- Opening Delimiter -
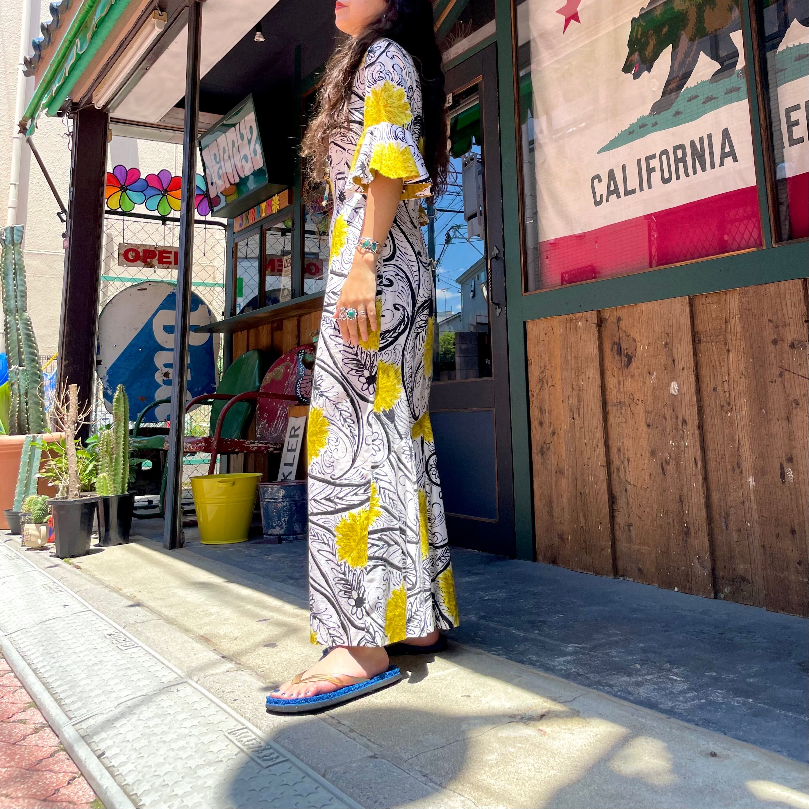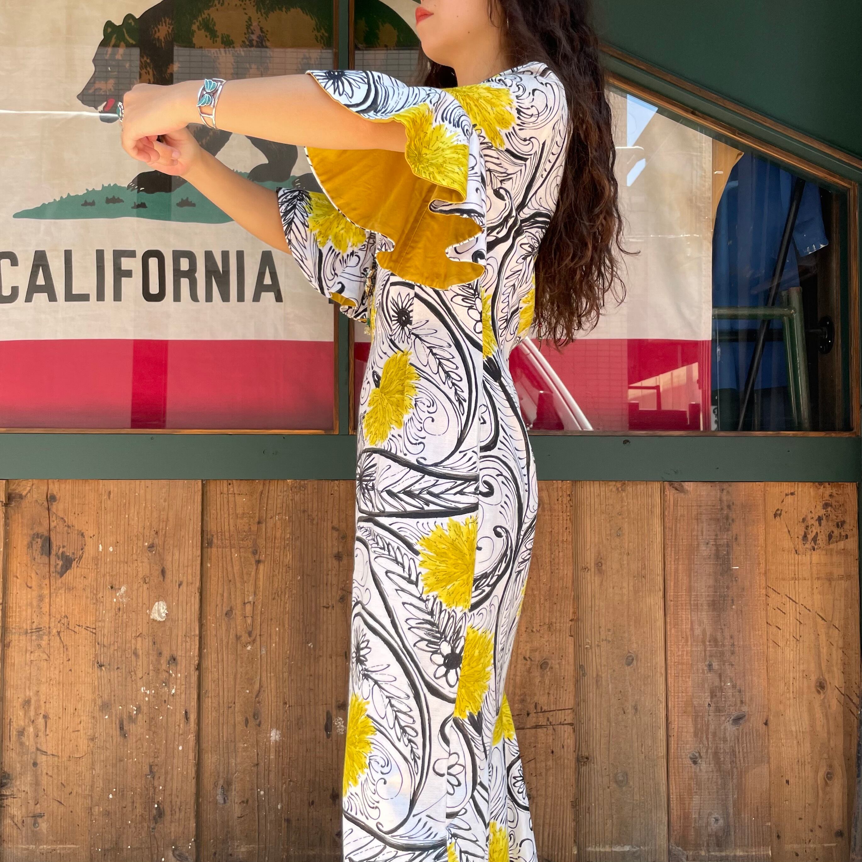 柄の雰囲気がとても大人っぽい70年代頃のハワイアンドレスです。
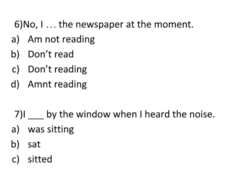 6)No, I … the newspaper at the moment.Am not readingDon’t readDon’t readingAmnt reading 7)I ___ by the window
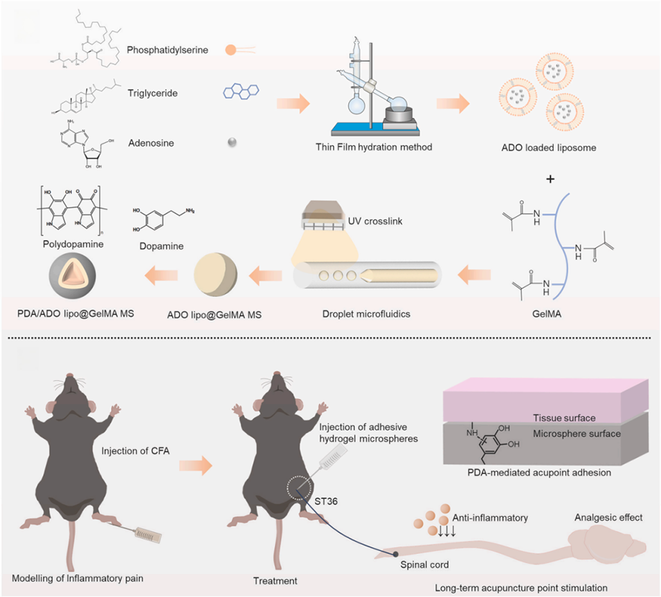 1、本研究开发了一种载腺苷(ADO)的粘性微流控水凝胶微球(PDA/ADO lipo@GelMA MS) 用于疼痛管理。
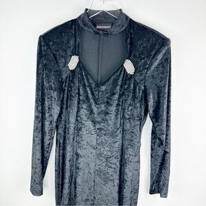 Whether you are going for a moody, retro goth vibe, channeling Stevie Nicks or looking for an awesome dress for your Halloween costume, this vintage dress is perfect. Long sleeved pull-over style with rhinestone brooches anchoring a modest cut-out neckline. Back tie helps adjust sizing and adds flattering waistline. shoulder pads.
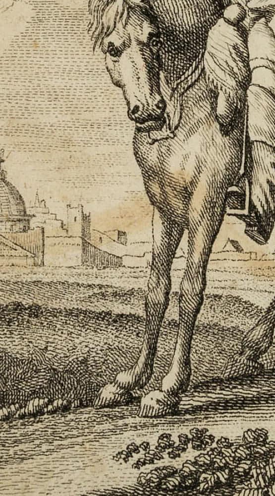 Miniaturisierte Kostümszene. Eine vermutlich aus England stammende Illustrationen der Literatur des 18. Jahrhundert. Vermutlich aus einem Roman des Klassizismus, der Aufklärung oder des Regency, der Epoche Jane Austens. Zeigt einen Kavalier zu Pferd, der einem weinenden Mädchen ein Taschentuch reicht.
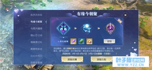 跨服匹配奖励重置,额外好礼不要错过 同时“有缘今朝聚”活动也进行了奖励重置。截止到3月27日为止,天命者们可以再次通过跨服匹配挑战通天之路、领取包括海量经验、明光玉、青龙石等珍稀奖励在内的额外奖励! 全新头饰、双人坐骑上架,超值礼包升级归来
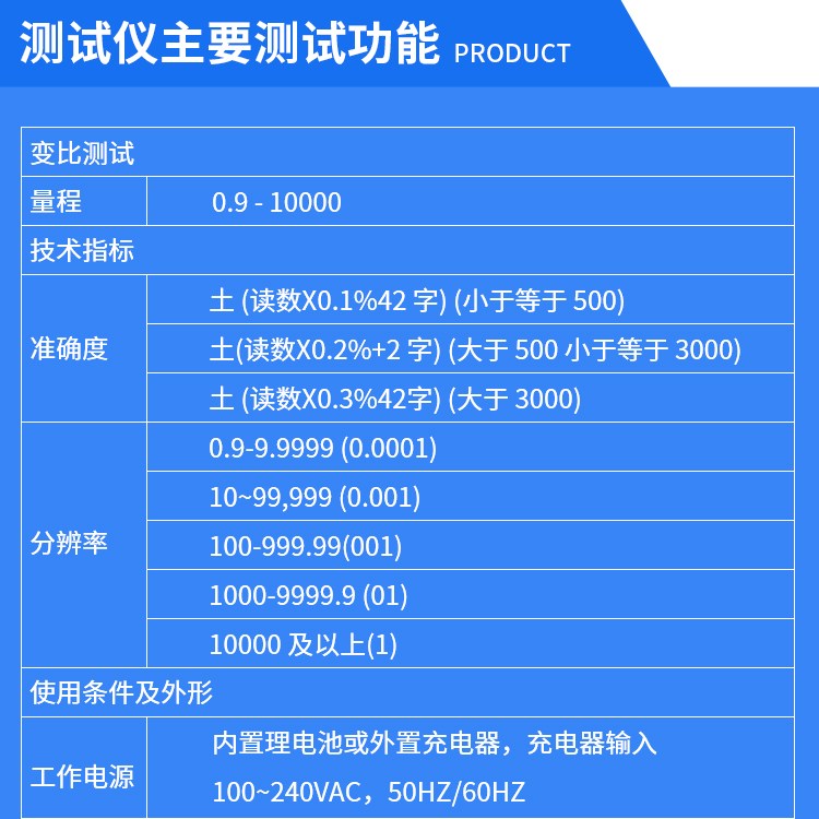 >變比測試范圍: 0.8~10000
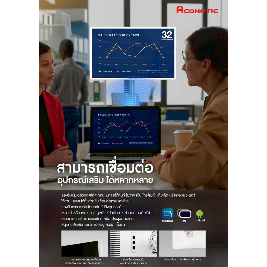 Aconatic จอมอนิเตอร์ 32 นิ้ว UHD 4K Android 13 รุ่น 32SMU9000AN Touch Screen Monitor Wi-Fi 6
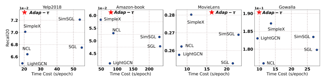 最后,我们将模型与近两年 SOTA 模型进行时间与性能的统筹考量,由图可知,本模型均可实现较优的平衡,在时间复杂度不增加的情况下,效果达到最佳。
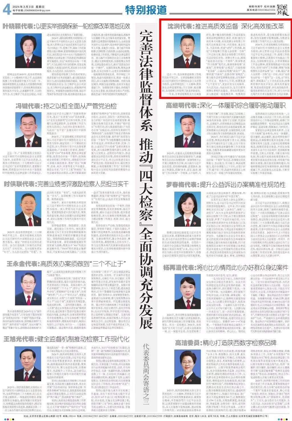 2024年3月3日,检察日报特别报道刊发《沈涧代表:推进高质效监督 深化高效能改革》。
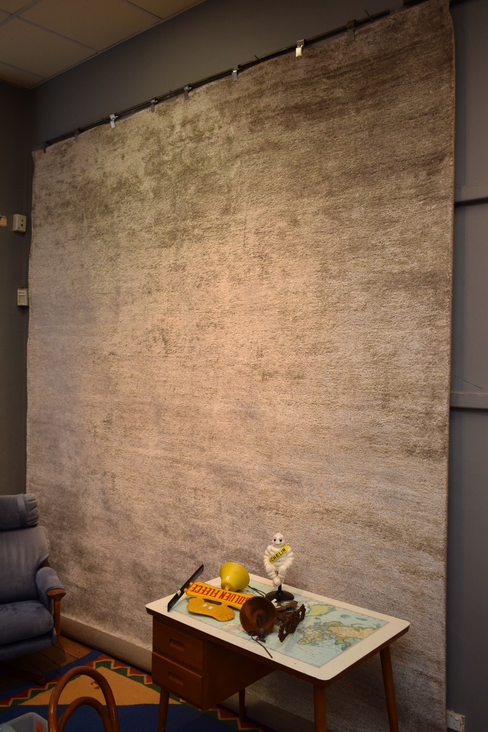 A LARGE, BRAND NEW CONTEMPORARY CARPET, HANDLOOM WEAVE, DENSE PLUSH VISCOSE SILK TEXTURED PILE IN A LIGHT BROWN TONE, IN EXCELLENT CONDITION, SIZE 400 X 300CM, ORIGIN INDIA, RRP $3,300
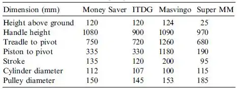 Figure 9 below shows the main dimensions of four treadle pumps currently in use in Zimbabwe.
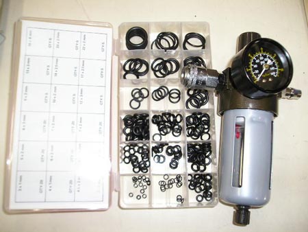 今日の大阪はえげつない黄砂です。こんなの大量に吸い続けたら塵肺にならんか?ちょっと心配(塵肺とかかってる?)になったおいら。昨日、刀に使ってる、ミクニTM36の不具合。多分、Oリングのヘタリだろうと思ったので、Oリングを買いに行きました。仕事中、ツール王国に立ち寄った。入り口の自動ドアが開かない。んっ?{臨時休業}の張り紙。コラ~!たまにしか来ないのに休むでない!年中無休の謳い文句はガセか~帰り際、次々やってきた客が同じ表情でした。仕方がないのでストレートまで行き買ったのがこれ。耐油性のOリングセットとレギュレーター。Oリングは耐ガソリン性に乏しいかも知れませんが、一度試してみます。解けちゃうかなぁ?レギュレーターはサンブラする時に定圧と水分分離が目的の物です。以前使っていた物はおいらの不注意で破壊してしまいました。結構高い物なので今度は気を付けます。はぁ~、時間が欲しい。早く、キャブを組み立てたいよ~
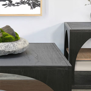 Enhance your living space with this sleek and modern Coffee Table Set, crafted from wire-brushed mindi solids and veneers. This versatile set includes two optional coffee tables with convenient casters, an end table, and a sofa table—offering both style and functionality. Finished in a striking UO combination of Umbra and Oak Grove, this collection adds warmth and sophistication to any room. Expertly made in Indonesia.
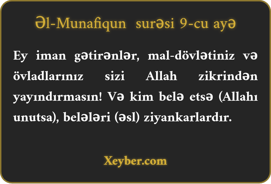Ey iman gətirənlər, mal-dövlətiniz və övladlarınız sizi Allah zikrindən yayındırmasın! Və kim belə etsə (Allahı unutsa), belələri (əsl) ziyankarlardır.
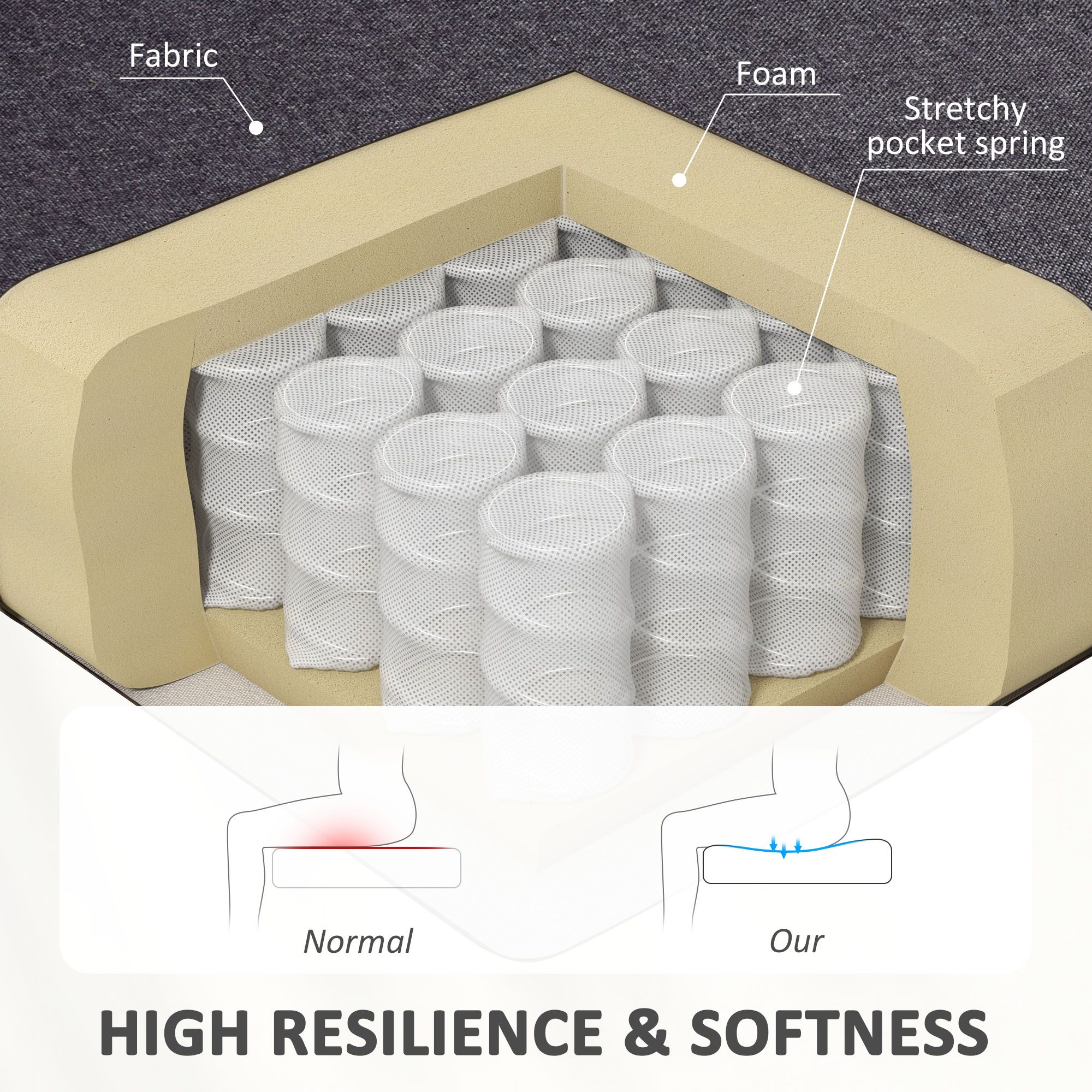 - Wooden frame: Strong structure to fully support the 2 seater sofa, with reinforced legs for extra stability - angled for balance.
- Closing Delimiter -
To do: Everything in the listing above must be retyped exactly, except for the pictures.

Task output:
 柄の雰囲気がとても大人っぽい70年代頃のハワイアンドレスです。
 6)No, I … the newspaper at the moment.Am not readingDon’t readDon’t readingAmnt reading 7)I ___ by the window
 1、本研究开发了一种载腺苷(ADO)的粘性微流控水凝胶微球(PDA/ADO lipo@GelMA MS) 用于疼痛管理。
 Whether you are going for a moody, retro goth vibe, channeling Stevie Nicks or looking for an awesome dress for your Halloween costume, this vintage dress is perfect. Long sleeved pull-over style with rhinestone brooches anchoring a modest cut-out neckline. Back tie helps adjust sizing and adds flattering waistline. shoulder pads.
 Miniaturisierte Kostümszene. Eine vermutlich aus England stammende Illustrationen der Literatur des 18. Jahrhundert. Vermutlich aus einem Roman des Klassizismus, der Aufklärung oder des Regency, der Epoche Jane Austens. Zeigt einen Kavalier zu Pferd, der einem weinenden Mädchen ein Taschentuch reicht.
 跨服匹配奖励重置,额外好礼不要错过 同时“有缘今朝聚”活动也进行了奖励重置。截止到3月27日为止,天命者们可以再次通过跨服匹配挑战通天之路、领取包括海量经验、明光玉、青龙石等珍稀奖励在内的额外奖励! 全新头饰、双人坐骑上架,超值礼包升级归来
 >變比測試范圍: 0.8~10000
 Aconatic จอมอนิเตอร์ 32 นิ้ว UHD 4K Android 13 รุ่น 32SMU9000AN Touch Screen Monitor Wi-Fi 6
 最后,我们将模型与近两年 SOTA 模型进行时间与性能的统筹考量,由图可知,本模型均可实现较优的平衡,在时间复杂度不增加的情况下,效果达到最佳。
 2024年3月3日,检察日报特别报道刊发《沈涧代表:推进高质效监督 深化高效能改革》。
 A LARGE, BRAND NEW CONTEMPORARY CARPET, HANDLOOM WEAVE, DENSE PLUSH VISCOSE SILK TEXTURED PILE IN A LIGHT BROWN TONE, IN EXCELLENT CONDITION, SIZE 400 X 300CM, ORIGIN INDIA, RRP $3,300
 Figure 9 below shows the main dimensions of four treadle pumps currently in use in Zimbabwe.
 今日の大阪はえげつない黄砂です。こんなの大量に吸い続けたら塵肺にならんか?ちょっと心配(塵肺とかかってる?)になったおいら。昨日、刀に使ってる、ミクニTM36の不具合。多分、Oリングのヘタリだろうと思ったので、Oリングを買いに行きました。仕事中、ツール王国に立ち寄った。入り口の自動ドアが開かない。んっ?{臨時休業}の張り紙。コラ~!たまにしか来ないのに休むでない!年中無休の謳い文句はガセか~帰り際、次々やってきた客が同じ表情でした。仕方がないのでストレートまで行き買ったのがこれ。耐油性のOリングセットとレギュレーター。Oリングは耐ガソリン性に乏しいかも知れませんが、一度試してみます。解けちゃうかなぁ?レギュレーターはサンブラする時に定圧と水分分離が目的の物です。以前使っていた物はおいらの不注意で破壊してしまいました。結構高い物なので今度は気を付けます。はぁ~、時間が欲しい。早く、キャブを組み立てたいよ~
 Enhance your living space with this sleek and modern Coffee Table Set, crafted from wire-brushed mindi solids and veneers. This versatile set includes two optional coffee tables with convenient casters, an end table, and a sofa table—offering both style and functionality. Finished in a striking UO combination of Umbra and Oak Grove, this collection adds warmth and sophistication to any room. Expertly made in Indonesia.
Ey iman gətirənlər, mal-dövlətiniz və övladlarınız sizi Allah zikrindən yayındırmasın! Və kim belə etsə (Allahı unutsa), belələri (əsl) ziyankarlardır.
 - Wooden frame: Strong structure to fully support the 2 seater sofa, with reinforced legs for extra stability - angled for balance.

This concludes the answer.